ふと、2階の方から足音が聞こえたと振り返ると同時に、

『大家さん!・・・の息子!』

と、さっきの女の子に声を掛けられた。

『・・・はい。』

変な呼ばれ方をして亮は不服そうに返事をする。

『お出かけ?』

少し間をおいて、

『そこのコンビニまで。』

女の子は目を開いて

『丁度良かった、一緒に行っていい?』

『・・・構いませんけど・・・』

『じゃ行こ!』

階段を駆け下りてきた女の子は、亮の横に並んで歩く。

『・・・何買いに行くの?』

女の子が亮に問いかける。

隣を振り向いて黙っていると

『ああ、そういった物を・・・』

亮はなおも黙っていると

『いい若いもんが、真っ昼間から』

ボソッと言う。

少し考えた亮が女の子の言わんとしていう事に気付き

『飲み物です!』

女の子が振り向く

『じゃあ、一緒だ!』

前に振り直ると亮達はそのままコンビニに着いた。

中に入ると、

『何買うの?』

女の子が聞いてくる。 

『・・・い、井上さんに、喉渇いてるかな?と、思って差し入れを。』

また、目を見開く女の子

『お茶でいいですか?』

亮が尋ねる。

『うん。私とお姉ちゃんはお茶で。義兄さんはコーヒーかなあ。』

『冷たいの?温かいの?』

『みんな冷たいので大丈夫。っていうか、温かいのもう無いんじゃない、5月だし。
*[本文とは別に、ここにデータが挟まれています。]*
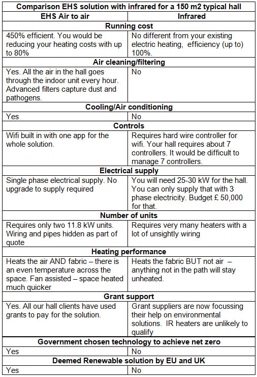 We don't provide legacy solutions, we provide state of the art air source heatpumps, they are some 4.5 times more efficient than IR heaters. The availability of grants for the heating solution would be important -
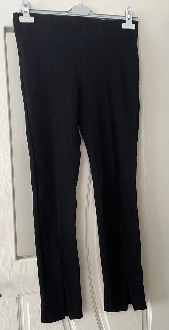 Likralı esnek bir kumaş. Tayt pantolon denilebilir. Bir iki kez giyildi. Baya yeni. Rahat ve şık bir pantolon

』

『あ、本当だ、ねえや』

『季節感ないな~、ええ若いモンが』

また同じような事を言われた亮は続け様に、

『アンタいくつ?』

『18、さっき言いましたけど。』

ブスッと答える。

『あはっ!そうだけっけ?』

ケラっと笑顔で答える。

『高校生?』

『はい』

『3年?』

『・・・はい』

『ふ〜ん』

少し間が空いて、亮が

『い、井上さんは?』

『レディーにそれ聞く?』

『ぐっ!』

『一緒だよ!高3、まだ17だけど』

『・・・・・』

『よろしくね!大屋さん!』

『・・・・亮です。藤原亮』

『わたしはさゆり!井上さゆり!』

『・・・・・はい』

『わたしは一緒に住むわけじゃないけど』

『・・・・ああ、そうだよね』

『姉さん達は新婚さんだからね』

『・・・・・・』

『また、何か考えてた?』

『・・・・・・・いや、そんな事は、』

『あるんでしょ?』 

さゆりが言い終わる前にツッコむ。

黙って飲み物を買って店を出ると

『何か手伝える事があれば・・・』

亮が切り出す。

『そんなに荷物無いし、義兄さんパワフルだから、大丈夫じゃないかな?』

『・・・そう』

家に着き、じゃこれ、コンビニで買った飲み物をさゆりに差し渡す。

『ウン、ありがと!』

そう言って受け取ると、階段をまた軽やかに駆け上がって行った。

その後ろ姿を亮は見送り家に入った。